== RECORDS PROVIDED ==

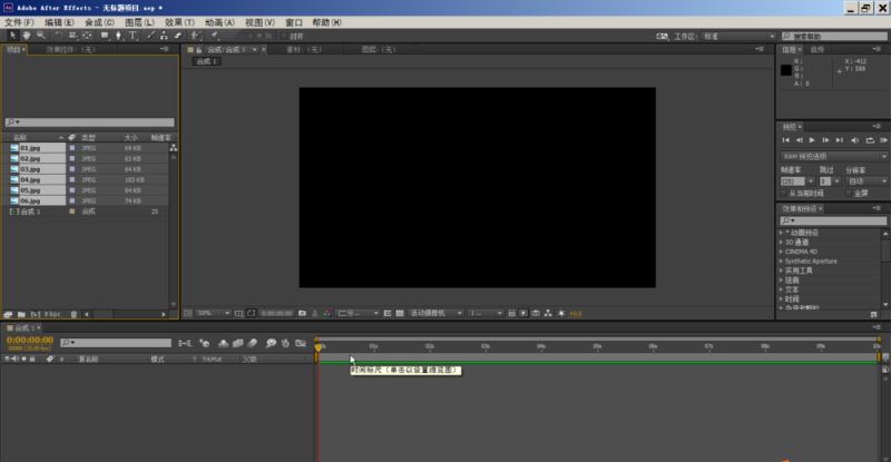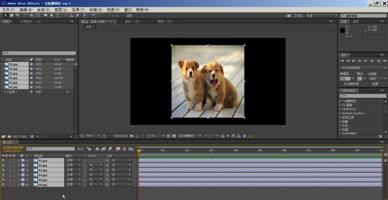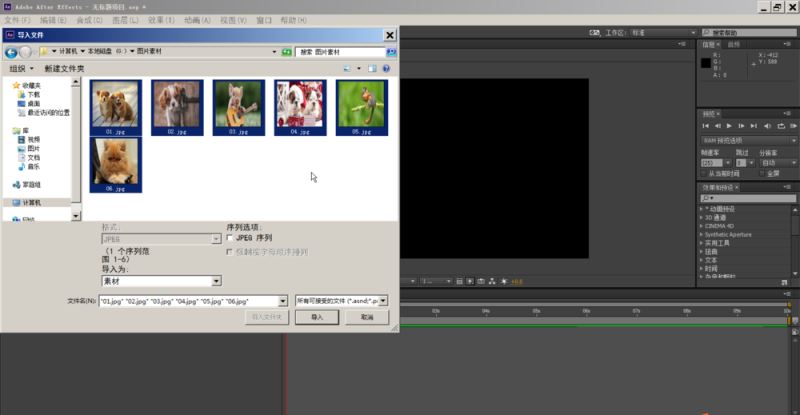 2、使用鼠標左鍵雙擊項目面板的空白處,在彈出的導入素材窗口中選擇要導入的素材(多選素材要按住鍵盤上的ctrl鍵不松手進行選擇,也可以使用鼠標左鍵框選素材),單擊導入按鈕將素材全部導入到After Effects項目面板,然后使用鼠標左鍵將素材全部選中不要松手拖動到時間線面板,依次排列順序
---
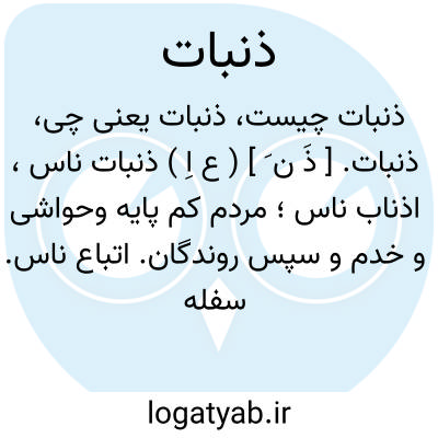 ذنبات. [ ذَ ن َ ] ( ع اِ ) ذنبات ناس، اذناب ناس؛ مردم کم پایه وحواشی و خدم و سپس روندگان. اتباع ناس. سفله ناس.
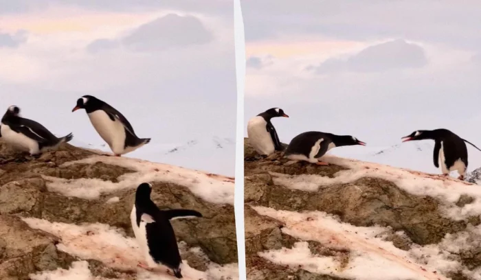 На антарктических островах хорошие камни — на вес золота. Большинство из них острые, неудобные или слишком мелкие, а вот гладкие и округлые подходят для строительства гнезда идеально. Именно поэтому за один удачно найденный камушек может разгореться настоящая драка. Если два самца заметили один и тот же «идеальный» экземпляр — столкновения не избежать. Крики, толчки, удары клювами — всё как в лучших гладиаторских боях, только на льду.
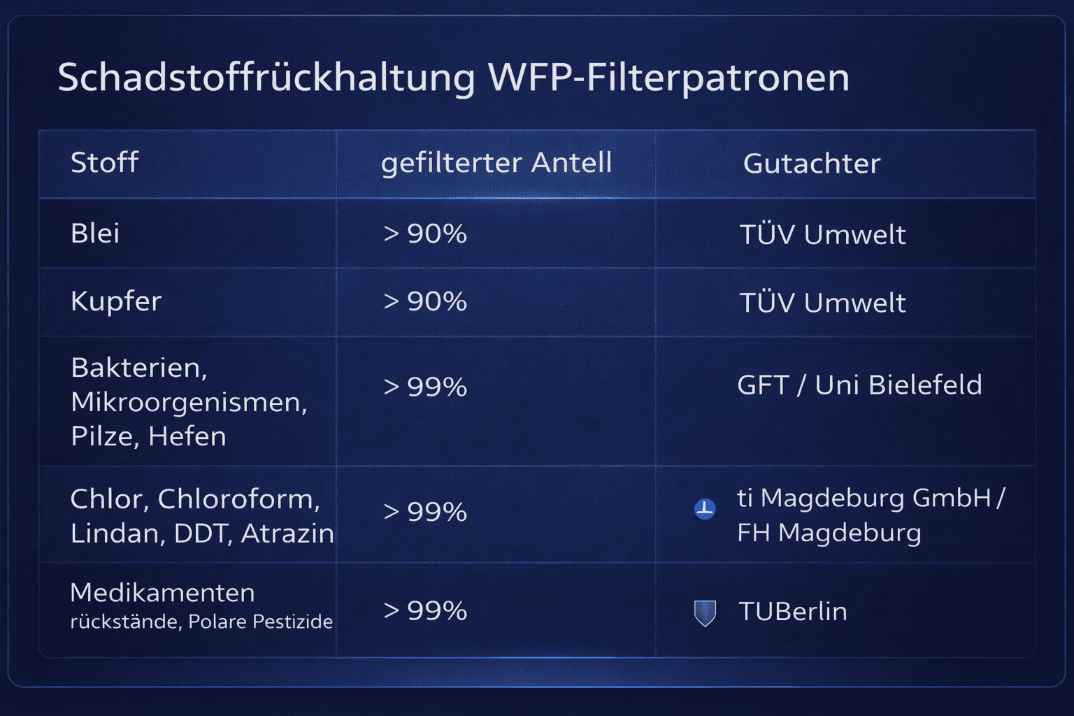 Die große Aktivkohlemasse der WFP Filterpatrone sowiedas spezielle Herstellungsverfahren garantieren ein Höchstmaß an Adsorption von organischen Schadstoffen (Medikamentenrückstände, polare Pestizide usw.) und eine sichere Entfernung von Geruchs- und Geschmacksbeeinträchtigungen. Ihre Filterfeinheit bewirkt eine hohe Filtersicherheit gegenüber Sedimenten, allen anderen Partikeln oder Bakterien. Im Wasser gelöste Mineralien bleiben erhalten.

== PROBLEM STATEMENT ==
From the records above, copy only the lines running from the line holding "ذنبات. [ ذَ" through the line holding "На антарктических островах", with no pictures.

== SOLUTION TO THIS EXERCISE ==
 ذنبات. [ ذَ ن َ ] ( ع اِ ) ذنبات ناس، اذناب ناس؛ مردم کم پایه وحواشی و خدم و سپس روندگان. اتباع ناس. سفله ناس.
 На антарктических островах хорошие камни — на вес золота. Большинство из них острые, неудобные или слишком мелкие, а вот гладкие и округлые подходят для строительства гнезда идеально. Именно поэтому за один удачно найденный камушек может разгореться настоящая драка. Если два самца заметили один и тот же «идеальный» экземпляр — столкновения не избежать. Крики, толчки, удары клювами — всё как в лучших гладиаторских боях, только на льду.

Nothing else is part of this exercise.